A stronger-than-expected Q1 earnings season, a continued superior growth outlook across many Asian countries and improving economic conditions in the US helped buoy optimism that the global economic recovery was on course, although more recently this has been tempered by the risks arising from the sovereign debt crisis in Europe and subsequent fiscal retrenchment.
In contrast to other parts of the world, the economic recovery in many Continental European countries has been slow. Of particular concern has been the excessive levels of government debt and hence the credit worthiness of certain countries in southern Europe – most notably Greece, Spain and Portugal. Against this backdrop, the euro has fallen in value relative to the dollar as investors remained concerned about the inflationary impact of any bailout by the central bank, and indeed the future of the euro currency as a whole.
Companies and sectors sensitive to the global economic recovery and the export markets (most notably capital goods, automotive and luxury goods) by and large have performed well since the beginning of the year. By contrast, so-called mature defensives, exposed to their domestic European economies such as utilities and telecommunication services have also failed to keep up with the strong cyclical-led rally. Investors remain concerned by poor profit growth momentum and the risks of more ‘windfall’ taxes.
Many financial stocks have also suffered owing to the likely introduction of tighter regulations, ongoing balance-sheet de-leveraging and the risk of further asset write-downs, particularly those banks or asset managers most exposed to the sovereign debt issues in those troubled countries. I believe it is too early to increase exposure to the sector although it is becoming increasingly interesting looking at the recovery potential of banks and their discount valuations versus history.
Geographically, Germany, Benelux and Scandinavia have outperformed the southern European equity markets.
So what is the outlook for equity markets going forward? In our view, cautious optimism is the name of the game. Given the strength of the rebound in equity markets, it is unlikely the aggressive growth momentum seen in equity markets in 2009 and over the first quarter of 2010 will continue, especially in light of the potential headwinds, such as excessive government and consumer debt, the inevitable tightening of fiscal policy and over-optimistic expectations for corporate profitability in some areas of the market. We are also likely to see continued high levels of volatility as investors digest the impact of ongoing newsflow around the economic recovery.

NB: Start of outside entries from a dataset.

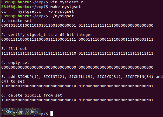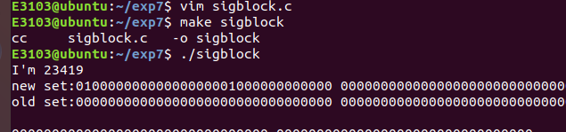 程序的功能是先把 SIGINT 、 SIGTSTP 加入到了进程阻塞信号集中去。接下来,每隔一秒打印一次未决信号集,第 10 次的时候,又把 SIGINT 信号从阻塞信号集中删除。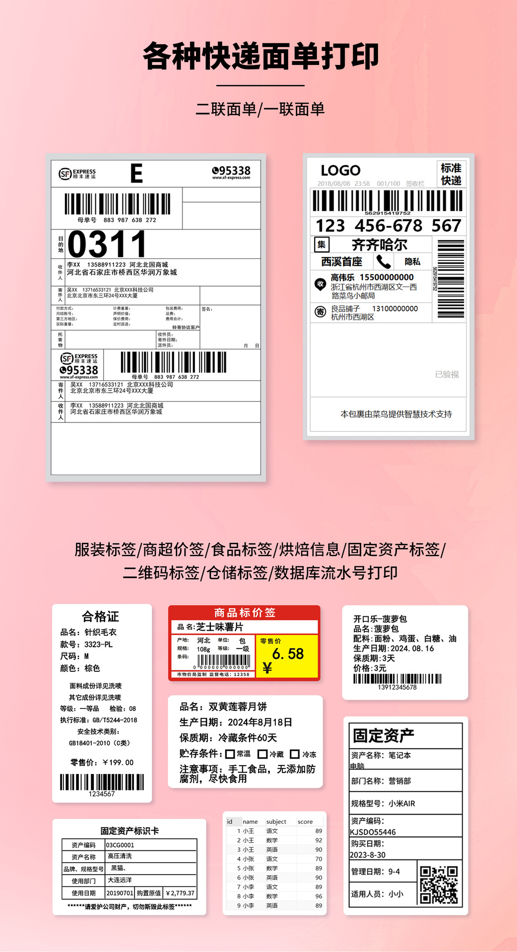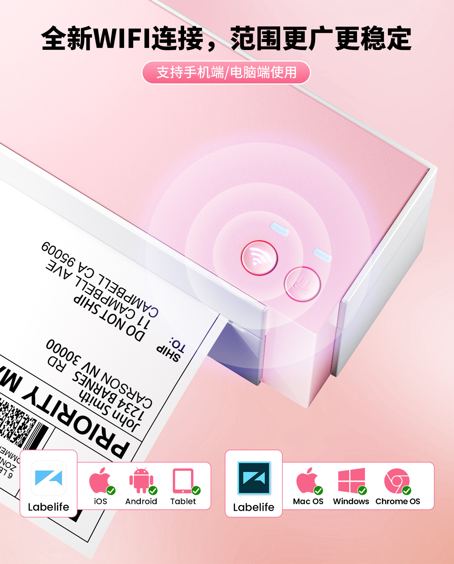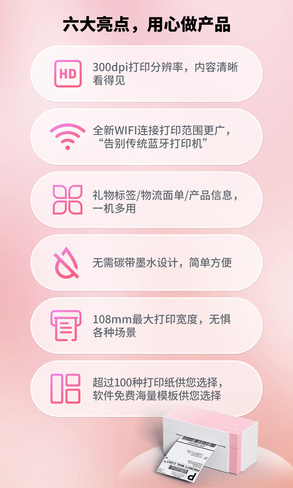• 중립 Packaging-PM344-WIFI 연결-핑크 흰색 PK (내장 10 4*6 흰색 단일 종이)
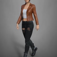 The Cool Girl Suit is suitable for Genesis 8 and 8.1 women and is a beautiful, cool leather and ripped pants suit.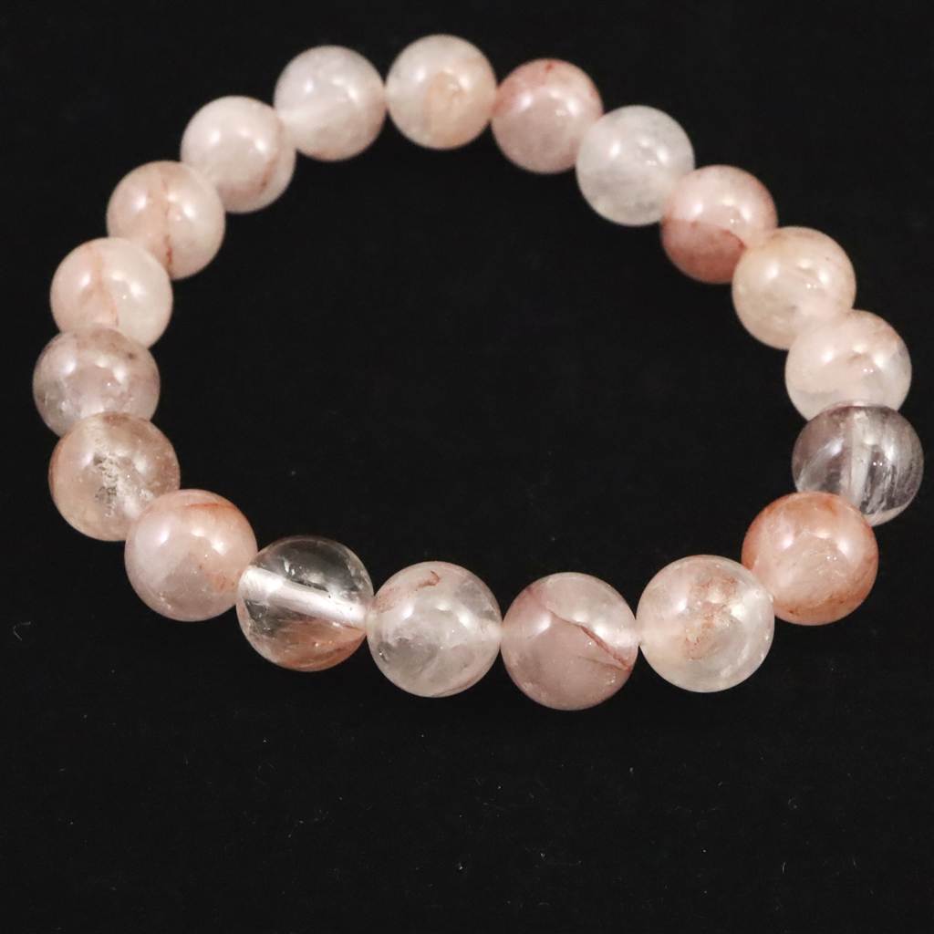 H&E社 ピンクファイア アゼツライト(AZOZEO) 10mm玉ブレスレット 証明書付 25.8g (ID:52514)

Nonetheless, over the next two to three years we expect investors will earn an attractive positive return from holding equities, outpacing risk-free investments such as money-market securities and government bonds on an absolute return basis. The current lax conditions in monetary policy are likely to continue and will encourage the switch from cash to equities and bonds. Equities appear to us relatively cheap and unloved compared to history.
However, investors should remain cautious on particular areas of the market, especially companies where valuations already discount benign economic conditions, such as many cyclical sectors where investor enthusiasm is getting ahead of reality. We are undoubtedly in an environment of increased regulation and widespread public sector spending cuts as governments look to address their fiscal deficits, therefore we are pessimistic on companies exposed to these risks.
In general, we have a preference for higher-quality, lower economically sensitive stocks and selected cyclical stocks where expectations and valuations are not already discounting a strong economic recovery. In my view, an example of an undervalued cyclical stock is Bilfinger Berger.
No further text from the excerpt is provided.